At 01:46 PM 7/21/00 -0700, you wrote:
>A couple of days ago, I attended an RF exposure safety class at work. A lot
>of interesting information was presented, particularly with respect to tesla
>coil operations.  I had an opportuntity to talk to the instructor (who is
>quite knowledgeable about RF effects on humans, etc.) about this in some
>detail.
>
>The significant figure to remember here is that NO repeatable effects have
>been noticed at less than 3-4 Watts/kg specific absorption rate.  The ANSI /
>FCC / OSHA standards are based on limiting occupational exposure to 1/10 of
>that, i.e. 0.4 W/kg. For the uncontrolled general public, the limit is 1/5
>of that.  Coilers would fit in the occupational category, I should think.
>
>At low frequencies (i.e. <3 MHz), the limits are formulated more to limit
>the conducted or induced currents
>
>Some general comments:
>
>1) At TC frequencies (hundred kHz area) ohmic heating will be the primary
>concern.  The varying field will induce currents in you  (just as it does in
>any conductor), those currents will result in I^R heating. In other cases
>where people have had significant induced current dosages (typically such as
>working around aircraft on the surface of a carrier near transmitting
>antennas), the primary symptom is heating, discomfort, or sensation in the
>wrists and ankles.  The current path (capacitively coupled) is through the
>hand, then the body, then through the legs to the ground.  The wrists and
>ankles have the highest resistance (lots of bone), so the most power is
>dissipated there.
>
>2) The ANSI specs (IEEE C95.1-1991) provide a way to relate E or H field
>strength to power density.  For TC frequencies, the maximum field is 614
>V/meter (or 163 A/m for H field).  A program like Terry's Efield will allow
>you to calculate the efield around a TC.  You can also do a quick
>approximation: a 1.5 meter coil with 1 Megavolt on it (typical numbers)
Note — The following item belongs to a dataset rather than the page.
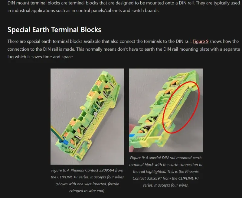 Added info on DIN mounted terminal blocks to the Terminal Blocks page.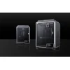 Átgondolt tervezés és felhasználói kényelem: Az átlátszó falakkal ellátott zárt kamra lehetővé teszi a nyomtatási folyamat valós idejű megfigyelését. A beépített aktívszenes szűrő csökkenti a szagokat és megtisztítja a levegőt a forró szálakból kibocsátott részecskéktől. A csendes üzemmód lehetővé teszi, hogy a nyomtató 45 dB-t meg nem haladó hangerővel működjön. A nyomtató minden részletére odafigyeltek, a rezgéscsökkentő lengéscsillapítóktól a megerősített kábelvezetésig. A fúvóka tisztításához szilikoncsíkot, csillapított zsanérokat és fröccsenésgátló fóliát is talál az ajtón. A nyomtatóban helyet kapott egy oldalsó orsótartó is, és számos kész tartozék is elérhető 3D modellként.

>would have a field strength of 660 kV/meter (roughly 1000 times the ANSI
>limit).  However, the field drops off fast as you move away.
>
>We'll make an assumption that the field is due to the topload considered as
>a point source against an infinite ground plane.  We'll also make the
>assumption that we're interested in the E field on the ground (actually, on
>a line halfway between the point source and it's image)
>
>Call the height of the topload above the ground "H"  (That is, the distance
>between the point and its image is 2H.) Call the distance from the line
>between the topload and ground (how far you are from the coil), "R".  The
>voltage on the top load is V
>
>The E field will vary as Emax/sqrt(H^2+R^2)  (note that at R=0, the field is
>Emax=V/H)... So, using our example where the 1.5 meter high coil has a field
>of 660 kV/meter.  To get the field down to to 600 V/m, then 1/(H^2+r^2)
><.001, or roughly, R has to be 30 H... 45 m away!!
>
>But wait, there's more.. you can average over 6 minutes, and you can take
>the duty cycle into account.  A typical disruptive TC actually only has the
>peak E field for a very short time, and then has several milliseconds of
>dead time.  A duty cycle of 10% or even 1% might not be a bad estimate for a
>typical TC, when actually making sparks ( for a loaded Q of 10, at 100 kHz,
>the RMS value of the first 100 cycles (1 mSec) is 0.22 times the peak value
>of the first cycle, and an additional cycle only raises that about .001)..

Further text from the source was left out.